ABSTRACT
This article proposes that psychic experiences of ‘dyslocation’, ‘dysembodiment’ and ‘psychic slippage’ can occur in relation to the object ‘on’ or ‘in’ the screen – ‘the screen object’ – in the context of working remotely using televideo technology with children in psychoanalytic psychotherapy. This is explored in the context of a child’s experience when treatment started in person and then changed to remote working. The loss of the therapeutic setting and frame in mid-treatment can constitute a rupture and a trauma, experienced at a primitive level as the loss of ‘bounded space’ and of psychic orientation to the object. This experience may evoke psychotic or borderline-type anxieties associated with disembodiment, depersonalisation, derealisation or annihilation.

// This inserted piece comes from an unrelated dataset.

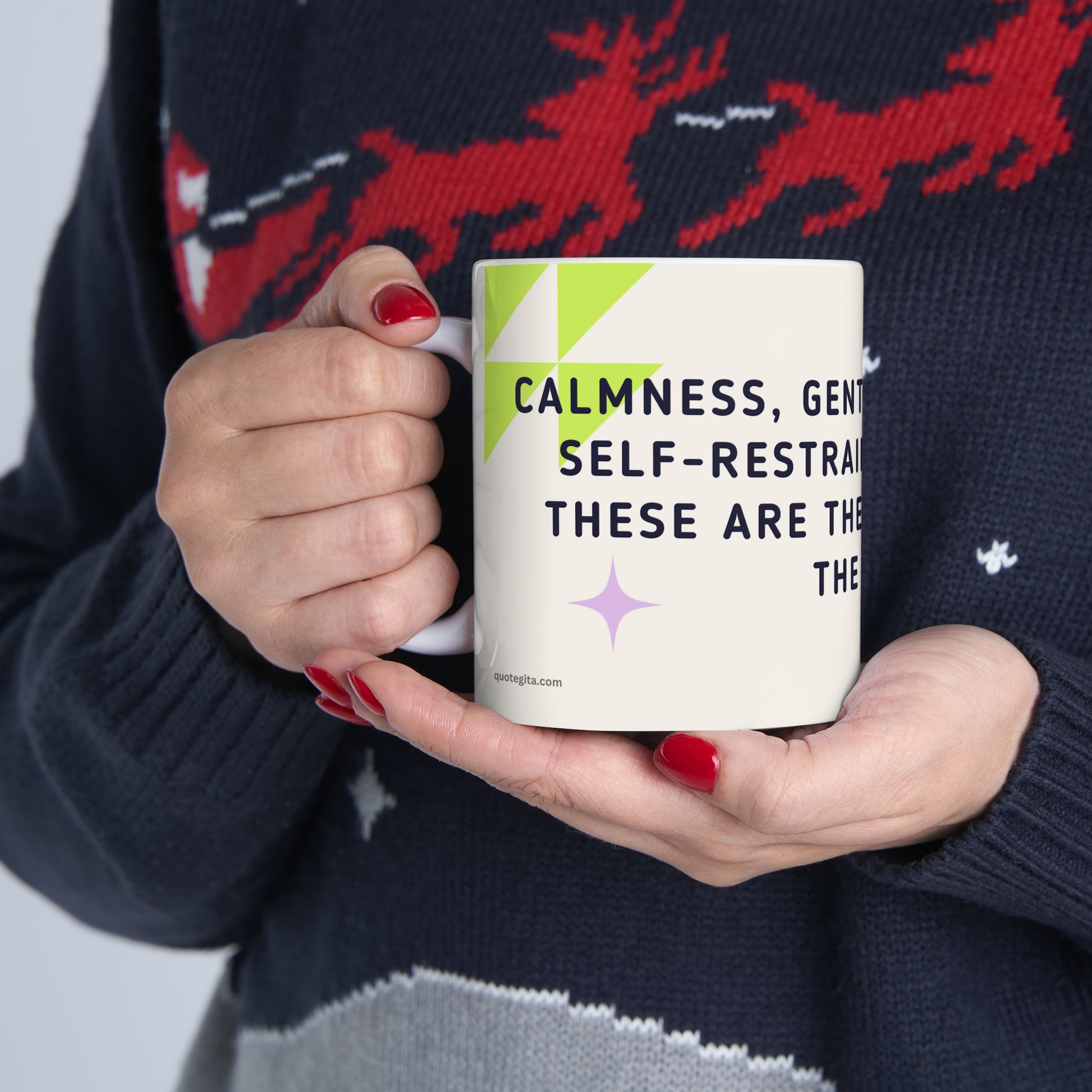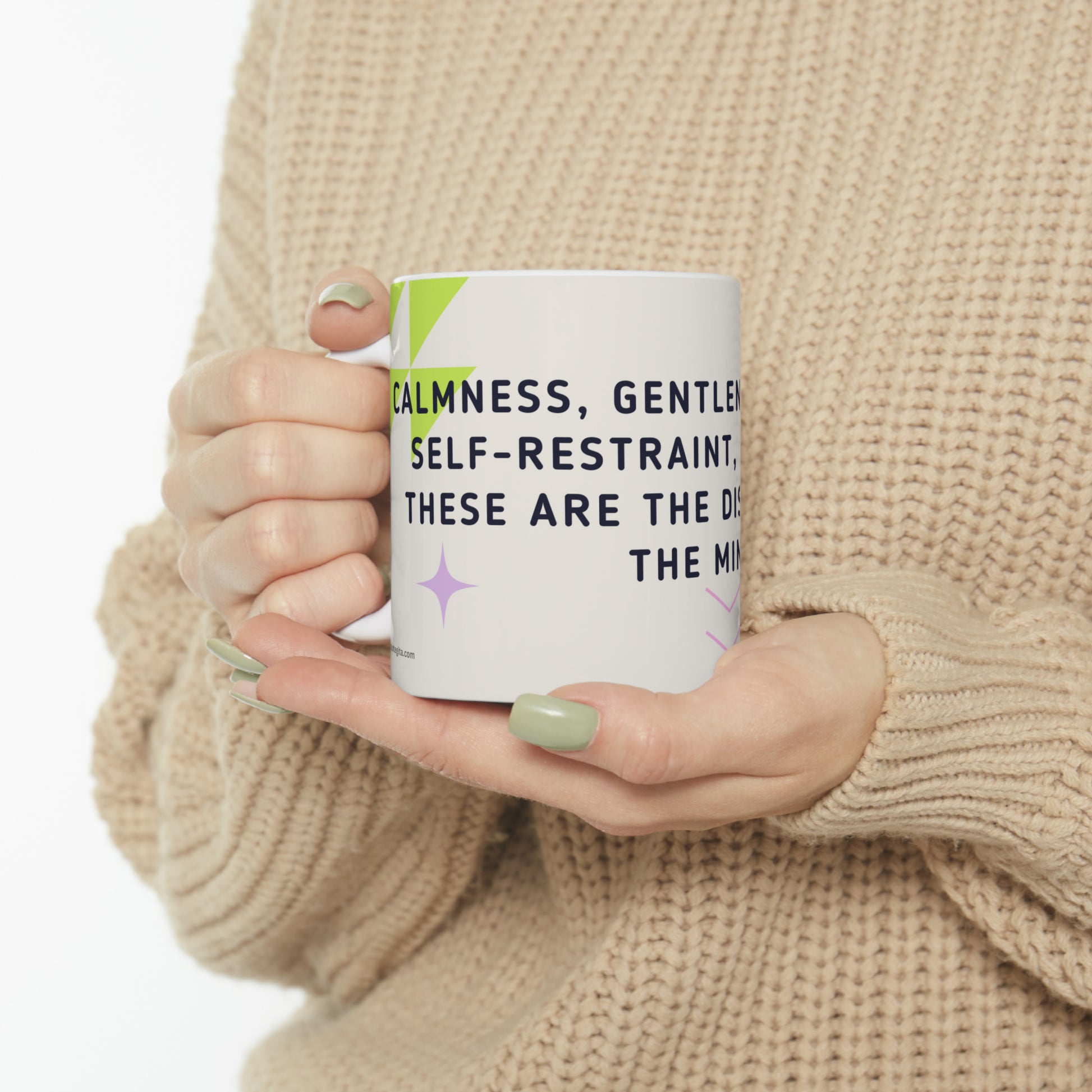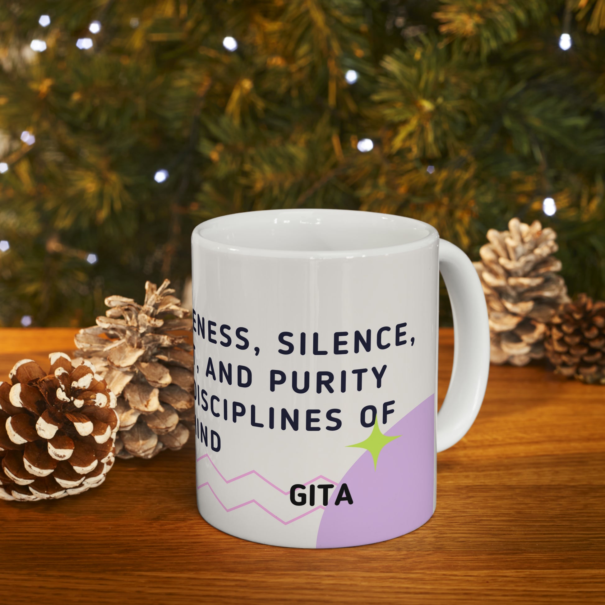 - The exquisite 11-ounce Bhagavad Gita-inspired coffee mug is a harmonious blend of spirituality and daily ritual.

Concepts from Linguistics of deixis, endophora and exophora – concerning orientation in place, time and person relative to context – are applied to the situation of remote working with televideo technology, to highlight tensions in this setting in the way emotional meaning and understanding are derived from the surrounding context. The screen as part of the setting/frame gives rise to ‘slippages’ of various kinds. In order to explore the theme of ‘the screen object’, the author draws on experimental psychology research on infant responses to televideo technology; psychological or psychiatric theories of disembodiment; and psychoanalytic theory related to the ‘body ego’ and ‘skin-ego’, the psychoanalytic setting, and remote or virtual psychoanalysis. It is speculated that elements of the psychic experience of ‘the screen object’ are likely to be present to some degree in all remote working using video technology, whether in response to a traumatic disruption to treatment in person as discussed in this article, or whether remote treatment is the agreed treatment from the beginning.
Notes
1. Throughout this article, when I have used the prefix ‘dys’ deriving from the Greek, it is in order to indicate the meaning of ‘bad’, ‘difficult’, ‘abnormal’ or ‘impaired’, as opposed to ‘dis’ deriving from the Latin, which means ‘lack of’, ‘not’, ‘opposite’ or ‘away from’.
2. A phrase and motif from E.M. Forster’s (Citation1924) novel A Passage to India.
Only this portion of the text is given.